TRIBUNAL DE MARCA COMUNITARIA
ROLLO DE SALA Nº 35 (34) 04
PROCEDIMIENTO Juicio Ordinario 450/03
JUZGADO Instancia e Instrucción nº 3 Denia
SENTENCIA Nº 44
Ilmos.
Presidente: D. Enrique García Chamón Cervera
Magistrado: D. Luis Antonio Soler Pascual
Magistrado: Dª Cristina Trascasa Blanco
En la ciudad de Alicante, a veintitrés de noviembre del año dos mil cuatro
La Sección Octava de la Audiencia Provincial de Alicante, integrada por los Iltmos. Sres. expresados al margen, ha visto los autos de Juicio Ordinario nº 450/03, sobre reclamación de cantidad, seguidos en instancia ante el Juzgado de Primera Instancia e Instrucción nº 3 de los de Denia, y de los que conoce en grado de apelación en virtud del recurso entablado por la parte demandante, D. Diego , representado ante este Tribunal por el Procurador D. Daniel Dabrowski Pernas y dirigido por el Letrado D. Jesús Eiriz Lovelle; y como parte apelada, la parte demandada, la entidad de crédito Santander Central Hispano S.A., representada ante este Tribunal por el Procurador D. Luis Beltrán Gámir y dirigido por el Letrado D. Florentino J. De Molina- Martell Rodríguez, que ha presentado escrito de oposición.
Antecedentes
PRIMERO.- Por el juzgado de Primera Instancia e Instrucción núm. 3 de Denia en los referidos autos tramitados con el núm. 450/03 , se dictó sentencia con fecha 21 de mayo de 2004, cuya parte dispositiva es del tenor literal siguiente: "Que debo desestimar y desestimo la demanda interpuesta por Dña Ana Isabel Feliu Daviu , procurador de los Tribunales, en nombre y representación de D. Diego contra Banco Santander Central Hispano con imposición de costas a la actora."

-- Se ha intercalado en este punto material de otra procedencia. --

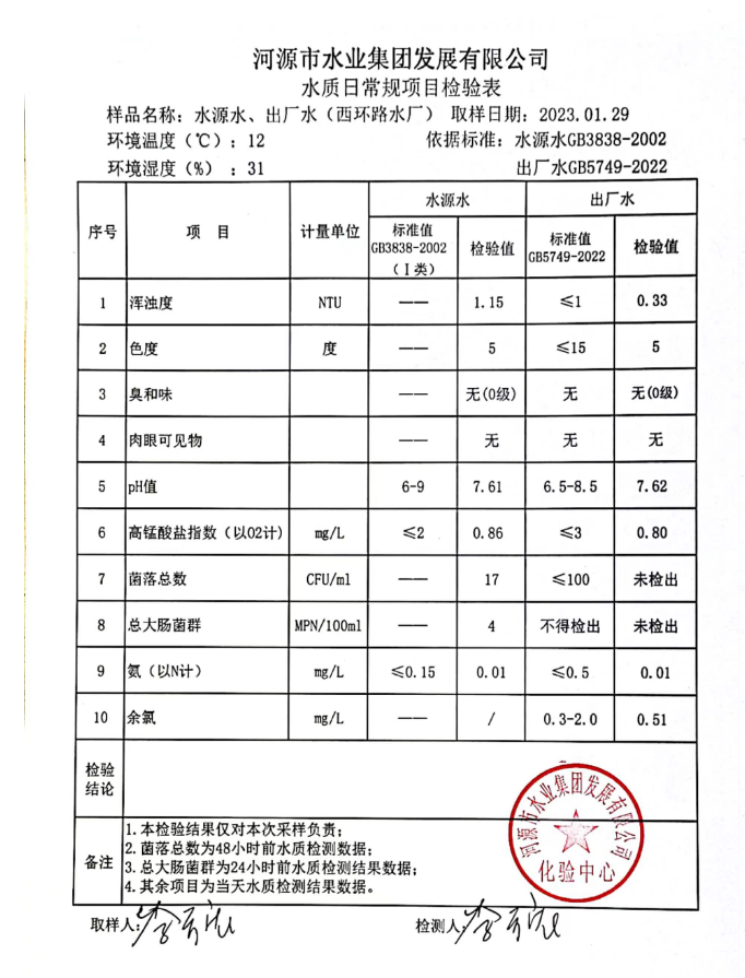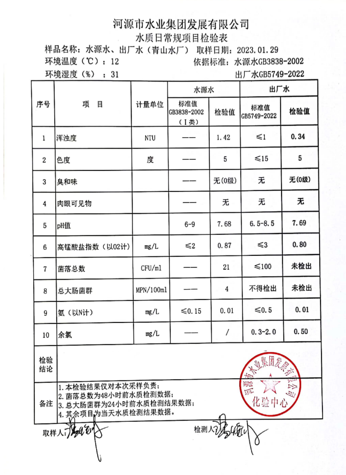 2023年1月29日水質(zhì)檢驗(yàn)報(bào)告
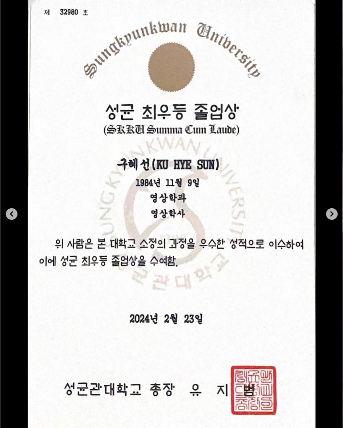 해당 영상은 작년 12월에 촬영된 영상분으로, 현재 구혜선씨는 성균관대 영상학과를 최우수성적으로 졸업하여 대학원에 다니고 있다고 합니다. 실제로 최우등졸업상을 증명하면서 본인의 학업성적을 증명했죠. 구혜선씨는 참 다재다능한 것 같습니다.

SEGUNDO.- Contra dicha Sentencia se preparó recurso de apelación por la parte arriba referenciada; y tras tenerlo por preparado , presentó el escrito de interposición del recurso, del que se dio traslado, por tiempo legal , a la parte apelada y tras emplazarlos, se elevaron los autos a este Tribunal donde fue formado el Rollo número 35/44/04, en el que se señaló para la deliberación, votación y fallo el día 23 de noviembre de 2004 , en el que tuvo lugar.
TERCERO.- En la tramitación de esta instancia, en el presente proceso, se han observado las normas y formalidades legales.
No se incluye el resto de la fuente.